EXERCISE DIRECTIONS >> Every line of the entries below from the one containing "夸迪CT50超弹霜补水黑金轻" to the one containing "विभाग के अनुसार", both ends included, must be written out exactly. No other line belongs in the answer.

EXERCISE INPUTS >>
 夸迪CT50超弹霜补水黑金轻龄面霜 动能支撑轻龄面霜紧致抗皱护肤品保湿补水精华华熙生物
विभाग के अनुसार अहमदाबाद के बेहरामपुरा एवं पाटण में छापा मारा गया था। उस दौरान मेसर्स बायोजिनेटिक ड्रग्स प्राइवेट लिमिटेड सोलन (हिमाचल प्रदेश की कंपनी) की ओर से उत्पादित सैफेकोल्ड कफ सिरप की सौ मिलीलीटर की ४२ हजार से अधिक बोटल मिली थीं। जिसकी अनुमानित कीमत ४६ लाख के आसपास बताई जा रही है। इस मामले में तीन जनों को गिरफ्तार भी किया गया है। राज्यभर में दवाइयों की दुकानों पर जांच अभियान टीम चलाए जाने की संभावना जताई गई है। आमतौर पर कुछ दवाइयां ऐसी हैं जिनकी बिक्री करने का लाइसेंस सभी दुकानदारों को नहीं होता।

---

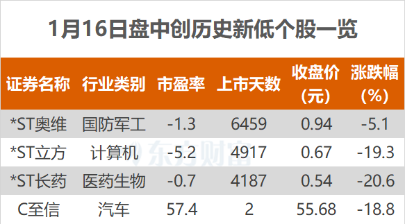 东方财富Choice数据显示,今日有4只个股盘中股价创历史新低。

RESULT >>
 夸迪CT50超弹霜补水黑金轻龄面霜 动能支撑轻龄面霜紧致抗皱护肤品保湿补水精华华熙生物
विभाग के अनुसार अहमदाबाद के बेहरामपुरा एवं पाटण में छापा मारा गया था। उस दौरान मेसर्स बायोजिनेटिक ड्रग्स प्राइवेट लिमिटेड सोलन (हिमाचल प्रदेश की कंपनी) की ओर से उत्पादित सैफेकोल्ड कफ सिरप की सौ मिलीलीटर की ४२ हजार से अधिक बोटल मिली थीं। जिसकी अनुमानित कीमत ४६ लाख के आसपास बताई जा रही है। इस मामले में तीन जनों को गिरफ्तार भी किया गया है। राज्यभर में दवाइयों की दुकानों पर जांच अभियान टीम चलाए जाने की संभावना जताई गई है। आमतौर पर कुछ दवाइयां ऐसी हैं जिनकी बिक्री करने का लाइसेंस सभी दुकानदारों को नहीं होता।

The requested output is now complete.